Five Threat Model Diagrams for Machine LearningSome diagrams to help clarify machine learning threats
When we talk about “threat modeling machine learning,” some people seem to be talking about threats to machine learning systems, some about threats from those systems, and sometimes even about threat to our jobs. (That last comes up more when talking about “AI and cybersecurity.”)
For threat model Thursday, I wanted to share a few sketches I’m working on to help clarify what we’re talking about. Diagrams that we can point to are an incredibly powerful tool that are so simple that they can be hard to talk about.

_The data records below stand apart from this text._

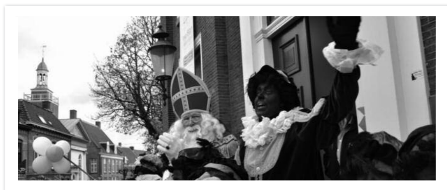
Sinterklaas was duidelijk blij dat hij weer in Princenhage was.

Ook dit jaar sloeg Sinterklaas Princenhage niet over. Rond half 2 kwam hij op zondagmiddag 24 maart de Haagsemarkt op met zijn véle, véle Pieten. Sinterklaas nam ruimschoots de tijd voor alle kinderen. Er was echter wel een probleempje dit jaar. De Pieten TomTom en Toeter wisten niet meer wie ze waren. Ze dachten dat ze de Haagsemarkt moesten poetsen en dat ze Roy en Sjan waren. Gelukkig kwam het ook weer goed met ze. Het moet gezegd. Het Sint Nicolaas-comité had geweldig voorbereidend werk verricht en Maarten van de Rijt kletste het geheel perfect aan elkaar. Wat is het ook mooi om te zien hoe de leden van alle Princenhaagse kapellen een geweldig orkest vormen. Na de intocht op de
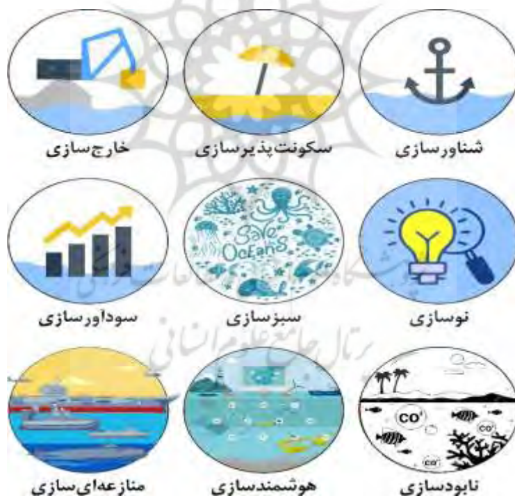
شکل ۲. کلان‌روندهای اقتصاد آبی

در نتیجه، ۶ کلان‌روند اصلی اقتصاد آبی، استخراج شد که در تصویر زیر ارائه شده است و در ادامه، توضیح کلی هر یک از این کلان‌روندها، ارائه خواهد شد.
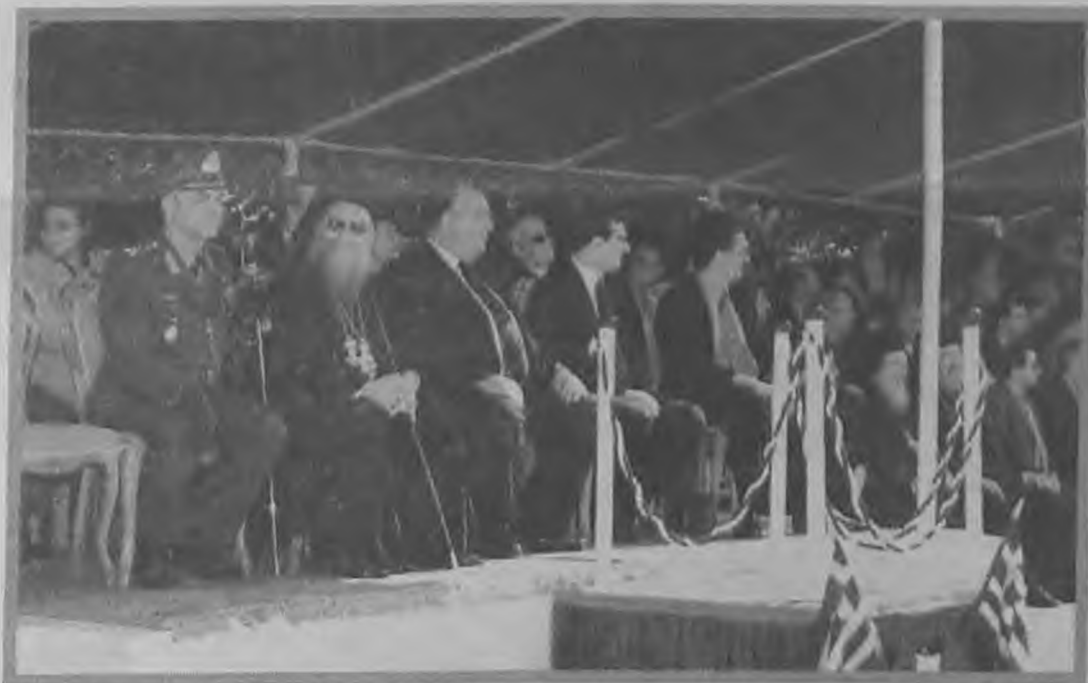
Παρουσία του υπουργού Πολιτισμού κ. Θεόδωρου Πάγκαλου, του υπουργού Δημόσιας Τάξης κ. Μιχάλη Χρυσοχοϊδη και όλων των τοπικών πολιτειακών, στρατιωτικών και θρησκευτικών αρχών, γιορτάστηκε η απελευθέρωση της Βέροιας από τον Τούρκικο ζυγό με την καθιερωμένη παρέλαση μαθητικών και στρατιωτικών τμημάτων.
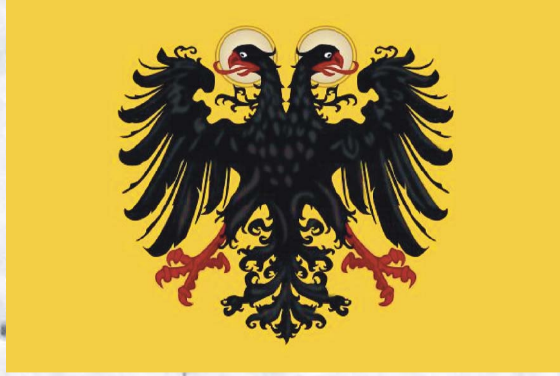
Roma İmparatorluğu 1512-1806 Heiliges Römisches Reich (Deutscher Nation) 1512-1806 Holy Roman Empire (of the German Nation) 1512-1806

Siyah-beyaz-kırmızı veya siyah-kırmızı-altın rengi ? Schwarz-weiß-rot oder schwarz-rot-gold ? Black-White-Red or Black-Red-Gold?
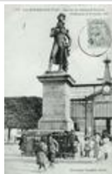
Monument au général Travot (1838)
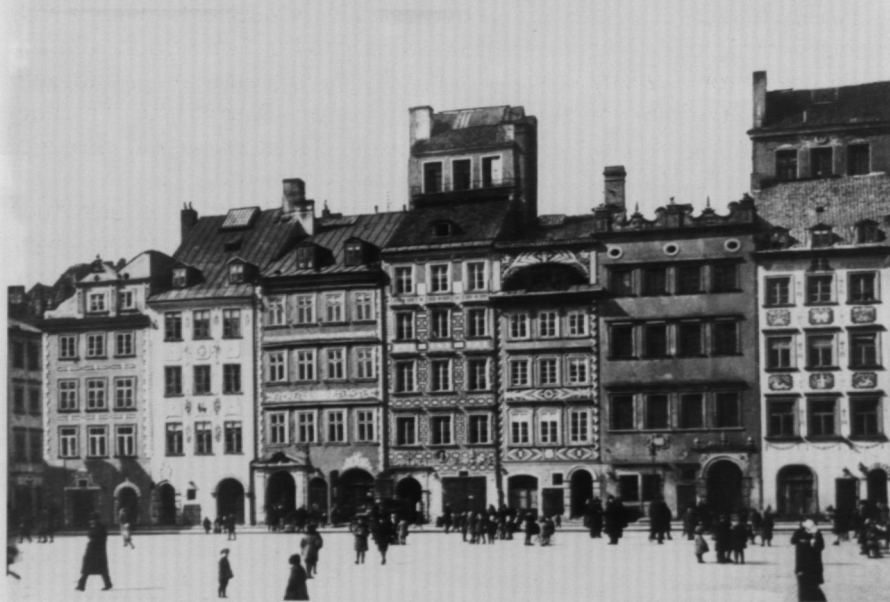
3. Kamienice: Pod Murzynkiem, Schlichtingowska i Baryczkowska – siedziba Muzeum Dawnej Warszawy, 1938 r.
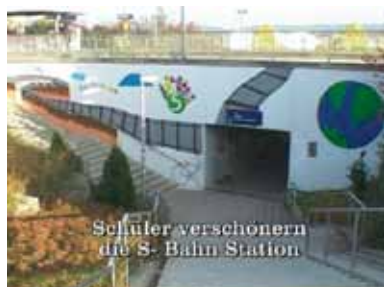
Schüler verschönern die S- Bahn Station
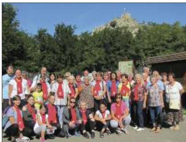
Karitászcsoport tagok kirándulása

leli élményt, hiszen „az egyház nevében, az evangélium szellemében tesszük a jót”.
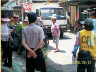
■ 警察同仁參與協助，感謝警察同仁協助維持秩序。
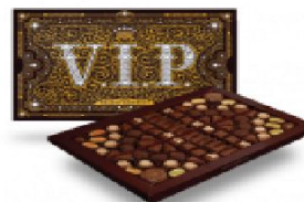
Компюлек (дл.) 950 г.
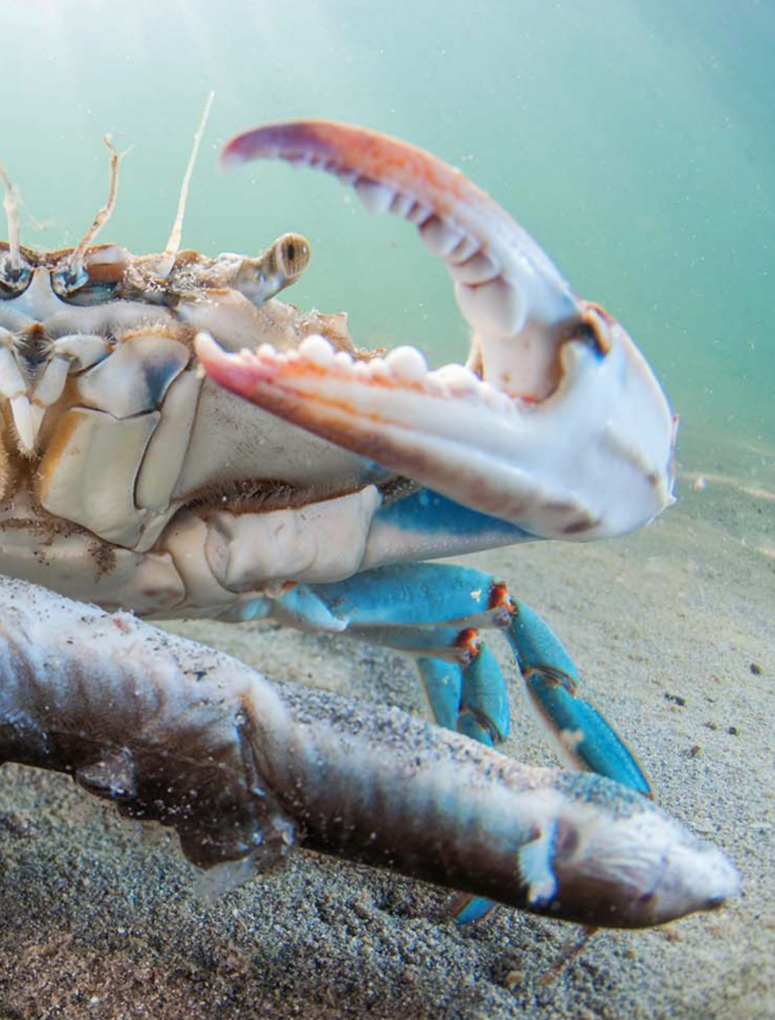
Cangrejo azul ( Callinectes sapidus )
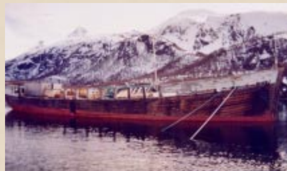
Skroget ved fiskeoppdrettet i Blokken. (Foto Arnold Jensen).
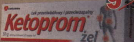
Ketoprom*, żel, 50 g.
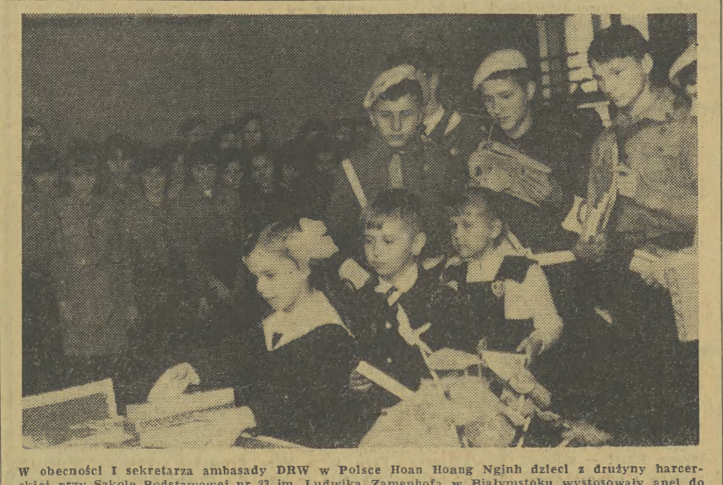
W obecności I sekretarza ambasady DRW w Polsce Hoan Hoang Nghin dzieci z drużyny harcerskiej przy Szkole Podstawowej nr 23 im. Ludwika Zamenhola w Białymstoku wystosowały apel do młodzieży z całej Polski w sprawie zbierania podarunków noworocznych dla dzieci wietnamskich. Młodzież szkoły zapoczątkowała już zbiórki upominków noworocznych. Płynące ze szczerego serca dary dzieci białostockich mają stanowić dowód więzi dzieci polskich z wietnamskimi. Apel podjęły też inne szkoły w Polsce. Na zdjęciu: dzieci ze Szkoły nr 23 składają podarki.

Dzisiaj doradca prawny „Gazety” udziela porad telefonicznie w godz. 13-14.30, osobście godz. 14.30-17.
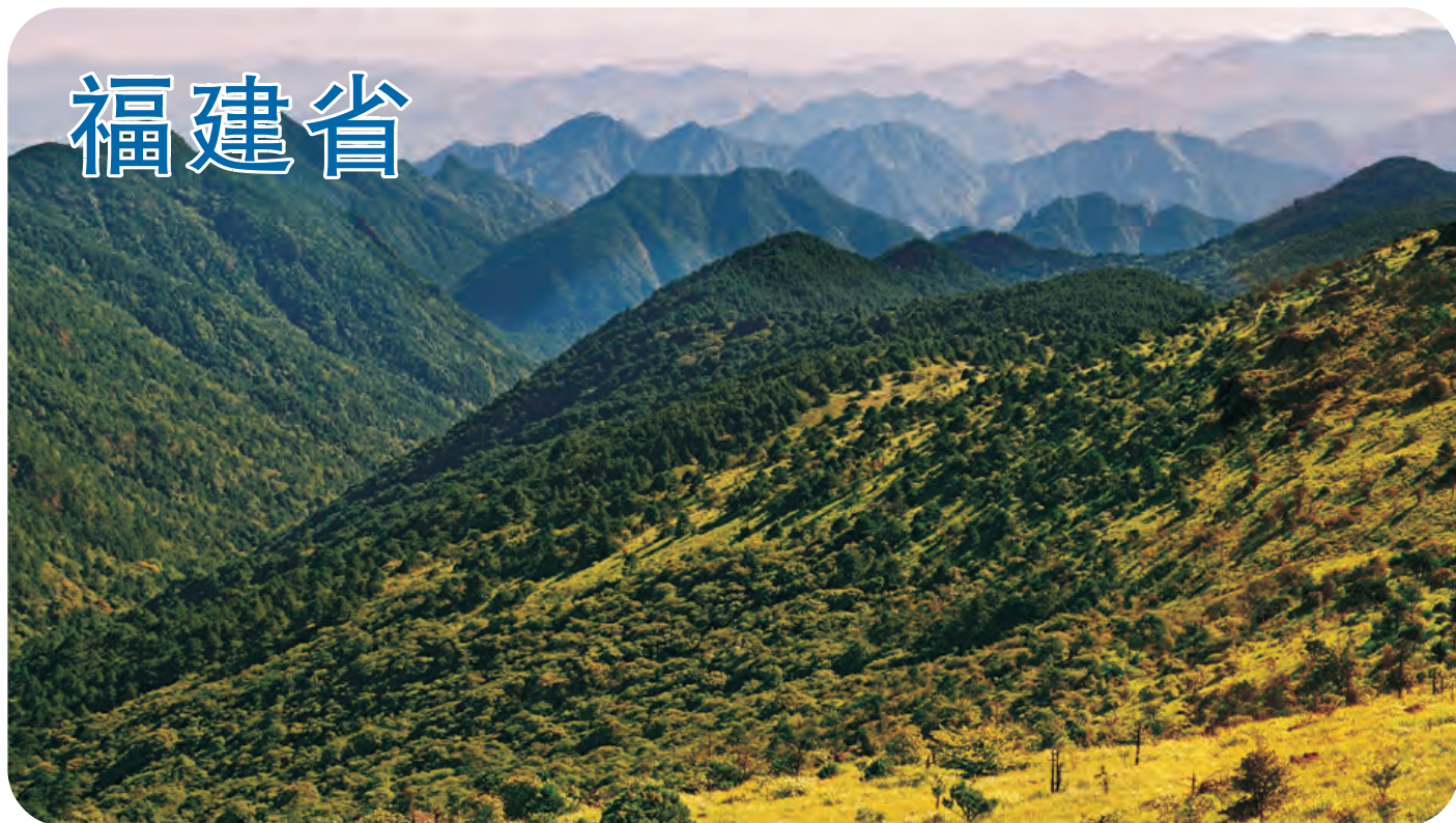
武夷山（第408号重点鸟区）位于福建与江西边境，武夷山是国内早期开展鸟类学研究的地点之一。
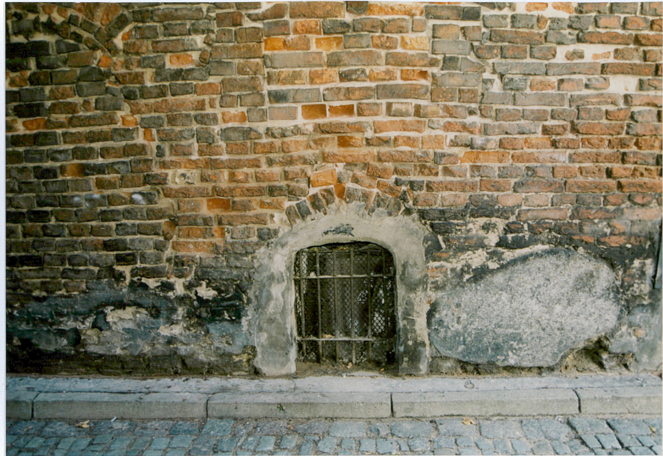
13. Otwór okna piwnicznego w elewacji pd.
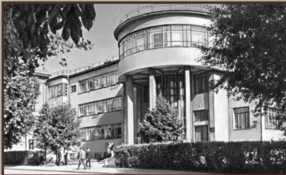
Здание государственной библиотека БССР им. В.Ленина. Арх. Г.Лавров

So this first set of diagrams shows threats to and threats
from the ML system.
It also lets me talk about an element of sketching, which is what data flow arrows do we need? In the first diagram, I show only the threats, expecting that the response is implicit. In the second, I show both the “write email” and the “phishing response,” and I didn’t bother with sequence numbers. In a more complex diagram, I might have. I could also have used a message sequence diagram to show the second one, and then time would have been more visible, but I’d have lost the similarity between the diagrams which helps us see the “to/from” nature that I wanted to emphasize.
This second set is about training data, and where it comes from. These are intentionally similar on the left, to draw attention to differences on the right. (In fact, they’re copy/pasted.) This allows us to think about the training data, and how system design decisions about how the system is trained impact it.
I’m pretty sure the model of how “racist garbage” from Twitter got to Tay is not accurate. Microsoft didn’t retrain a full model each time it got an @. What’s important is that there’s no ‘data quality process.’ I hope the relevant differences jump out.
So, this threat model Thursday is entirely focused on these diagrams to help people think about what can go wrong in different scenarios. (And hopefully obviously, the threats shown are intended to be illustrative, not complete.)